The example perm requires length 6 or more, because the biggest moved element is 5.
sequence = [1, 2, 0, 3, 5, 4]
perm = Perm(sequence)
assert perm.sequence() == perm.sequence(6) == sequence
assert perm.sequence(7) == sequence + [6]
apply on vector[edit | edit source]
The result of applying a permutation on a sequence in natural order looks like the inverse of the permutation.
assert perm.apply_on_vector(['0', '1', '2', '3', '4', '5']) == ['2', '0', '1', '3', '5', '4']
assert perm.apply_on_vector(['0', '1', '2', '3', '4', '5', '6']) == ['2', '0', '1', '3', '5', '4', '6']
assert perm.inverse.sequence() == [2, 0, 1, 3, 5, 4]
p = Perm([3, 1, 4, 2, 0])
p.apply_on_vector(['0', '1', '2', '3', '4']) == ['4', '1', '3', '0', '2']
assert r.inverse.sequence() == [4, 1, 3, 0, 2]
periodic permutations[edit | edit source]

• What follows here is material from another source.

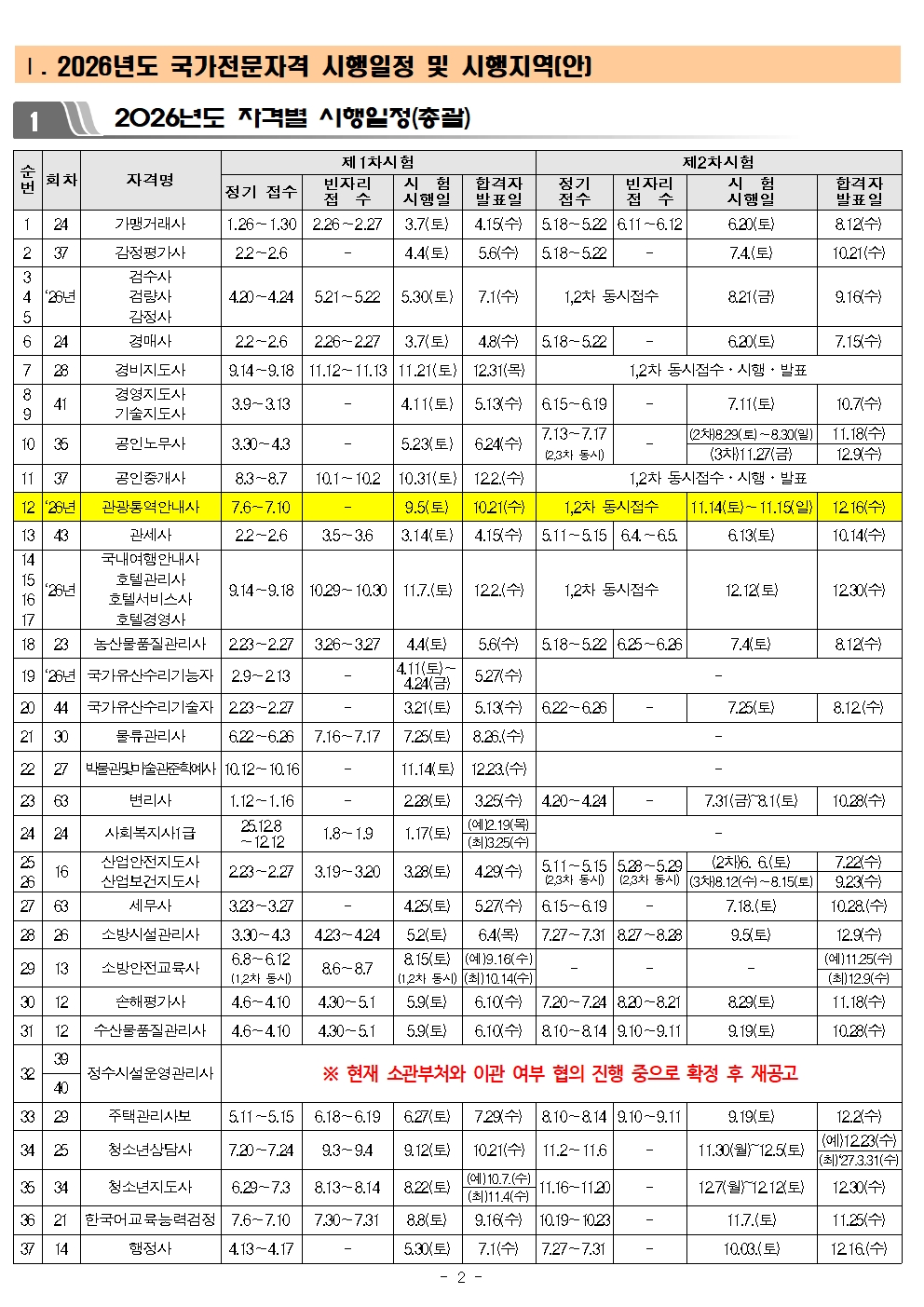 2026년도 국가자격시험 시행일정 사전공고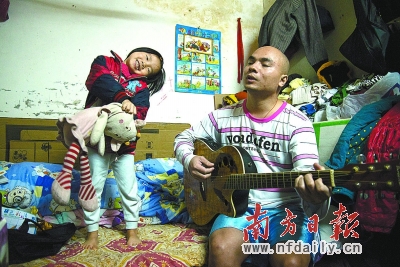 他颤抖着拨动手中的吉他,歌曲是他为女儿创作的《开心的娃娃》。

A periodic permutation moves an infinite number of elements, but with a repeating pattern.
Most attributes are those of the smallest corresponding finite permutation.
The new attribute perilen is the period length.
cycles = [[3, 4]]
p5 = Perm(cycles, 5)
p10 = Perm(cycles, 10)
For both permutations order is 2, cycles is [[3, 4]] and mapping is {3: 4, 4: 3}.
These are the results of p5.sequence(20) and p10.sequence(20):
[0, 1, 2, 4, 3, 5, 6, 7, 9, 8, 10, 11, 12, 14, 13, 15, 16, 17, 19, 18]
[0, 1, 2, 4, 3, 5, 6, 7, 8, 9, 10, 11, 12, 14, 13, 15, 16, 17, 18, 19]
cycles_dynamic is a method only for periodic permutations, and shows the cycles for a given length:
assert p5.cycles_dynamic(20) == [[3, 4], [8, 9], [13, 14], [18, 19]]
assert p10.cycles_dynamic(20) == [[3, 4], [13, 14]]
Schoute permutations and Walsh permutations (see WalshPerm) are periodic.